Day 6 and here we go

Well for the first time last night I actually was craving for something sweet.  Now typically when that happens I just go to the store and purchase sugar free candy or low carb ice cream bars.  I am so focused on getting into ketosis that for me to do that is just simply not an option.  I know that my body is converting because I can feel it.  Now if I can only just make it day 14.   I did pretty good yesterday.  I had 3 slices of bacon with 1 fried egg with cheese over it for breakfast and then lunch I had sauteed pollock with chopped garlic with a tomato, garlic, bacon over it topped with italian cheese.  It was absolutely phenomenal.  My daughter enjoyed it as well.  For dinner my daughter oven cooked pork chops and I could only eat one.  The appetite is definitely diminishing.  With my husband being gone I have literally turned into this hermit.  I stay in my house and I don't leave which is exactly what I wanted so that I wouldn't be tempted with the foods that I am not supposed to be eating.  I feel as if I have no choice but to do this because I am simply just not strong enough to do it any other way.

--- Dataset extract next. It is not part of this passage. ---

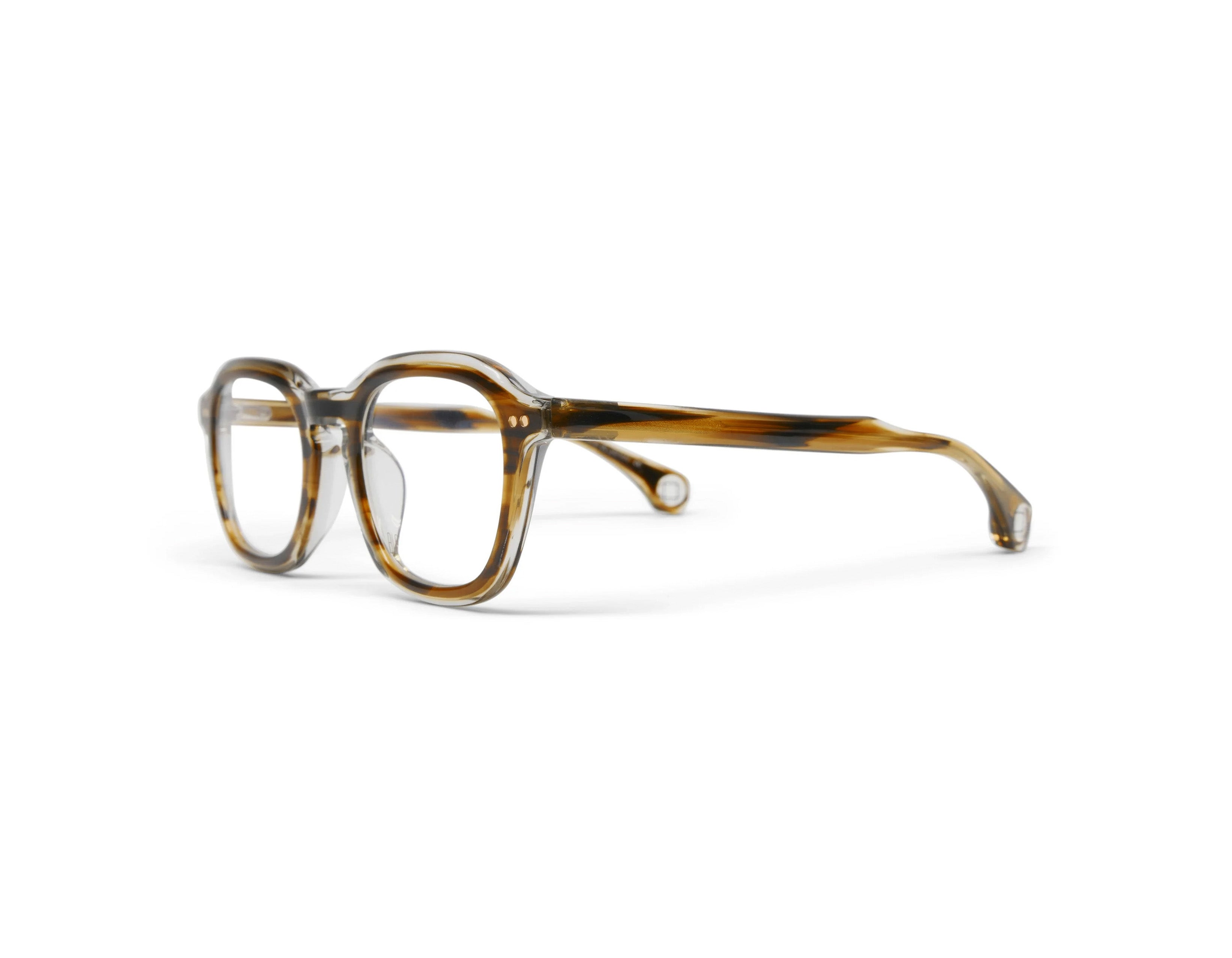 日本工匠手工製作的 Blake Kuwahara 眼鏡經過相當費時的 Lamination 熱壓技術重塑板材鏡框的層次與樣貌,獨創特有的「框中框」結構,以通透鮮明的外框包覆內框,跳脫傳統思維,藉由特殊花色與紋理質感的反差塑造出充滿設計張力的眼鏡,造型獨樹一格,展現前所未有的奇幻藝術色彩與創意,加上高低級的拼料與切割技術,突出眼鏡線條與輪廓,徹底體現非一般的美學視角。

I am however super disappointed with myself in terms of my process of getting done what I need to get done for my environment.  Only thing I did yesterday was get started with my laundry.  I wanted to begin my bedroom but I looked at it yesterday and got overwhelmed and just procastinated until now I am at another day.  I had 2 people ask me yesterday when you looked at it how come you just didn't get it done.  I wish I knew.  I hate being this way.  It truly truly depresses me.  But I came to the conclusion last night that again it doesn't do me any good to be sad or depressed that I just need to get off my ass and get it done.  So here is how I'm going to do this.  I'm going to set mini goals within the big goal of getting this room cleaned.  Maybe that will prevent me from getting overwhelmed. 

It looks as if my husband will be home next week so I really have to kick it up a notch because I want things done before he returns. 

Food Goal
Drink 32 ounces of water (supposed to be 64 but if I can get halfway through then maybe by Friday I can get to 64)  I'm not allowed to drink anything else until the 32 is done

Evironment goal
Get sheets and blankets washed and bed made.